PhD Thesis

The Impact of Magnetosonic Waves on Earth’s Radiation Belt Electrons: Observations and Simulations

Jinxing Li (Space Physics)

Directed by Prof. Zuyin PU and Suiyan FU

ABSTRACT

Earth’s radiation belts are filled with energetic particles trapped by Earth’s magnetic field. The electron radiation belt is comprised of the inner belt, the outer belt and a ‘slot’ in between. Responding uniquely to various plasma waves including the ULF, chorus, hiss, EMIC, ECH and magnetosonic waves, radiation belt electrons are highly dynamic due to the imbalance between the acceleration, loss and transport processes. However, how the magnetosonic waves impact the energetic electrons is yet to be uncovered. There had been no direct observations or dynamic simulations about the impact of the magnetosonic waves on the radiation belts.

During the 29 June 2013 geomagnetic storm, the Van Allen Probes measured the formation process of the energetic electron butterfly distributions in the inner radiation belt and the slot region. A strong magnetosonic wave enhancement was also detected in the same region. Based on multi-point high-quality wave measurements from both Van Allen Probes, this dissertation, for the first time, constructed an accurate magnetosonic wave model with a harmonic structure, a distribution of wave normal angle and a spatial distribution over magnetic local times. By combining test particle calculations and the Fokker-Planck simulations, this dissertation reveals that the magnetosonic wave can scatter the near 90o pitch angle electrons to the medium pitch angles via a parallel acceleration related to the Landau resonance, and thereby create the electron butterfly distributions.

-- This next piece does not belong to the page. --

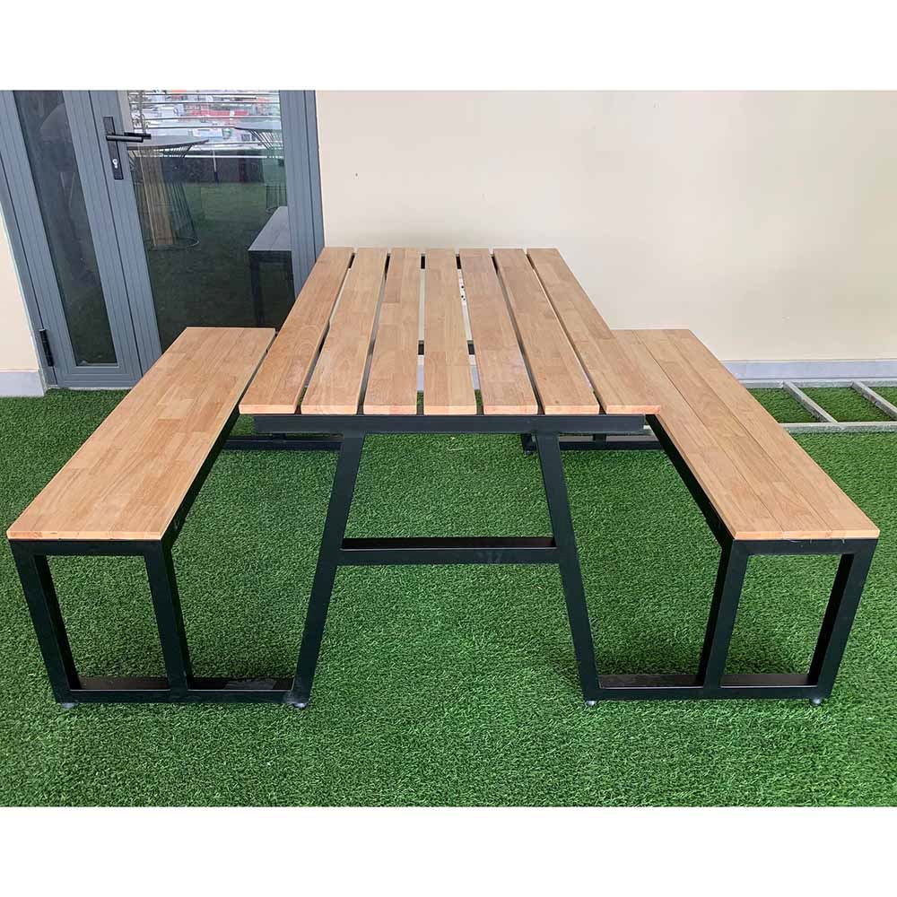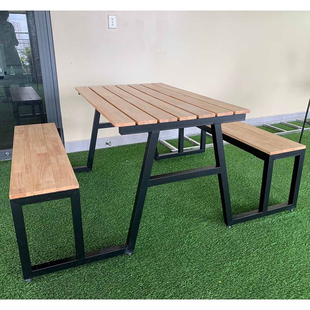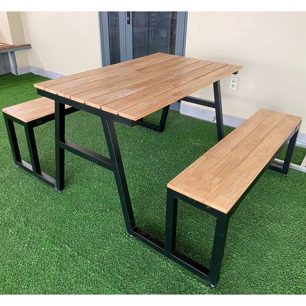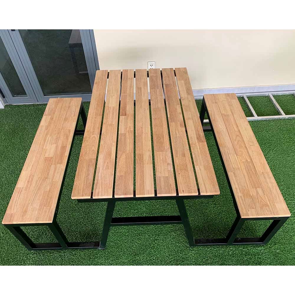Combo bộ bàn ghế gỗ cao su khung sắt lắp ráp CBBA028 gồm 1 bàn ăn và 2 ghế băng dài gắn liền với nhau. Vật liệu chính để tạo nên bộ bàn ăn CBBA028 là gỗ cao su kết hợp cùng khung sắt đem đến sản phẩm vừa mang nét mộc mạc lại vừa hiện đại. Mặt gỗ được hoàn thiện từ gỗ cao su tự nhiên với đặc điểm nổi bật là độ bền cao, mặt gỗ được xử lý PU chống thấm nước, cong vênh giúp bạn yên tâm vệ sinh bàn mà không sợ bong tróc. Chân bàn được thiết kế hơi chếch ra một góc để có thể tăng thêm khả năng chịu lực của sản phẩm đồng thời tạo sự vững chãi, an toàn khi sử dụng.

A very intense magnetosonic wave can even create the ~100 keV electron butterfly distributions in the heart of the outer radiation belt in just 1 minutes, as observed by Van Allen Probe A on 21 August 2013, and we successfully reproduced this process based on the wave and electron measurements. During the recent 17 March 2015 large geomagnetic storm, the Van Allen Probes observed that when the magnetosonic waves were enhanced, the ultrarelativistic electrons with energies up to 5.2 MeV exhibited butterfly distributions. As the magnetosonic waves intensified to 4.1 Earth Radii, the electron butterfly distributions extended to the same altitude. Based on the Van Allen Probe observations and the wave-particle interaction simulations, this dissertation reveals that scattering by equatorial magnetosonic waves is a significant cause for the formation of energetic electron butterfly distributions in the inner radiation belt, the slot region and the outer radiation belt. Because of the existence of magnetosonic waves, the high energy electrons are not concentrated near the magnetic equator but also populated in the medium and high latitudes, making the high latitudes also radioactive.